My creative journey to the creation of Architechts of a new weave.


It's now 25 years since I made my first cover for Evergrey, In search of truth. A lot of water has flowed under the bridge since then and the older I get, the more I want to explore what can be done with an album cover. It's easy to get stuck in old habits but I'm driven by trying new things. Many artists develop a typical style and that's fantastic. I'm more attracted to being as versatile as possible but still always delivering good results.

I had just bought a luxury drawing monitor from Wacom and started painting digitally seriously when AI made its inroads and suddenly I completely lost the desire to paint digitally. It was possible to create images that looked a lot like digitally painted covers just by writing a prompt. That's when I decided to learn to paint traditionally instead. AI is getting better and better, but so far at least a trained eye can tell a traditional painting from an AI image.

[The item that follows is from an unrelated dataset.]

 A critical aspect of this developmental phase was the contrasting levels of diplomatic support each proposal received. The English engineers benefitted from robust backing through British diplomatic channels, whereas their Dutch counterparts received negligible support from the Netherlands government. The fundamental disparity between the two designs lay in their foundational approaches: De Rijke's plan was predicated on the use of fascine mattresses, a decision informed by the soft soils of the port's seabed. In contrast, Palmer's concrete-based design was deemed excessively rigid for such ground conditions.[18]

I thought about whether to try oil, acrylic or watercolor and finally chose watercolor. To an outsider, it can easily be seen as the easiest medium, but after a while I realized that it was the most difficult. Once the paint is on the paper, there is not much you can do to save a mistake. With oil and acrylic, you just have to paint another layer on top until you get it the way you want it.

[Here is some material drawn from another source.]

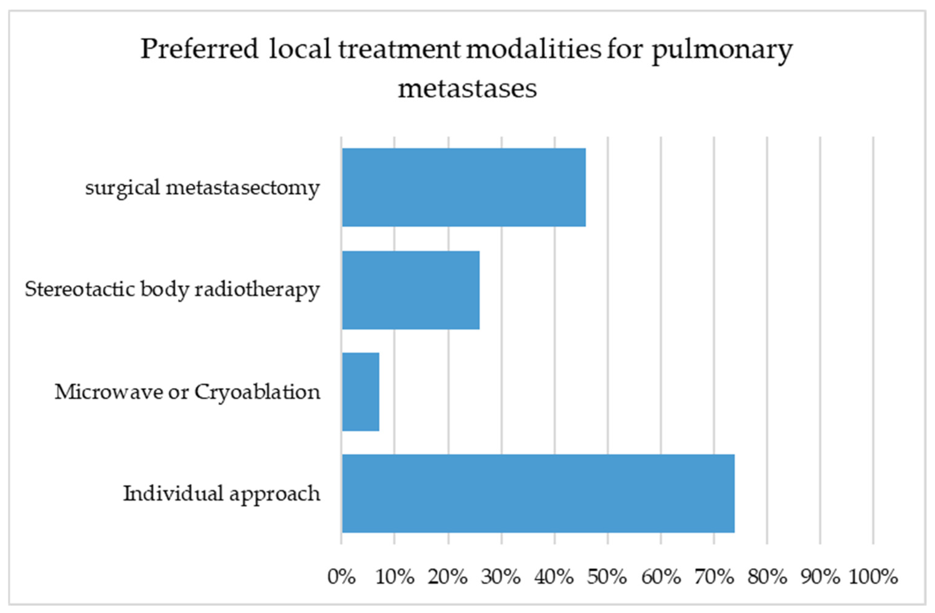 Although all respondents consider local therapy to be an essential component in the management of metastatic disease, only 46% regarded pulmonary metastasectomy as the treatment of choice, while 75% favored an individualized approach and 25% considered SBRT to be the most appropriate modality. It is not surprising that thoracic surgeons and urologists showed the highest preference for surgical resection, as these groups are most frequently involved in surgical treatment of metastases.

Painting good portraits in watercolor is probably the hardest thing you can do. And that's why I decided to paint no less than 100 watercolor portraits over the course of a year. It was a fantastic school and I really felt how the training paid off. There were hours of YouTube videos and frantic training and experimentation to get that wonderful feeling that a watercolor painting can really give. When you paint with oil, you control every brushstroke. When you paint watercolor, you first control a little and tell the paint and water what you want it to do, then it takes on a life of its own in a way. If you succeed, you are richly rewarded, but if you fail, it is a disaster and there is little you can do to save it.


Some early paintings

After some practice

Tom saw one of the more imaginative portraits I had done and that was where the idea was born to do something similar for the Silent Skies album "Dormant", which thus became my first cover made in watercolor, and I have to say that it is the most fun project I have ever done. Not least because I absolutely love the music and could listen to it while I painted. When I have created most of my covers, I have not heard a single note from the album. Having a long-term collaboration with someone who trusts you so much that you get to listen to the music as soon as it is finished is fantastic for creativity. Especially if it is one that in this case is among the best you have ever heard.

Then came the question of doing the cover for Evergrey's "Theories of Emptiness". I first thought we would use watercolor for that cover too, but we ended up doing something completely different, and it became my most minimalist cover to date. Mine and Evergrey's "The dark side of the moon" in a way. Keeping it simple is often the hardest thing. It was a cover that was loved by some while others didn't understand it at all. And that was probably the point in a way. To evoke emotions. That's the whole point of art. To make people react.


I continued to do some covers with watercolor and felt like I had found a home in my creation. Very proud of the covers I've done for, for example, Ihlo, Another age and PreHistoric animals. Being able to paint traditionally but also having the knowledge to work digitally and fine-tune the paintings afterwards is how I prefer to work right now. You can get them as good as you want, but that lovely hand-painted feeling is always there in the end result.

Tom's wishes for "Architects of the new weave" were "big and detailed". He mentioned some covers where he had sat and found detail after detail. In other words, the exact opposite of "Theories".

The idea was born with a figure with threads that led to pictures where each picture represented a song from the record. I bought a paper twice the size of any watercolor I had done before. I didn't even have a base big enough to tape the paper to, so I had to buy a second-hand tabletop to be able to work with the project. The plan was that the cover would only be a small part of the entire painting. I thought for a long time about how to make the best use of this. I don't know if it was the ultimate solution, but it was good enough. I divided it into six parts, of which the cover is only one of the parts.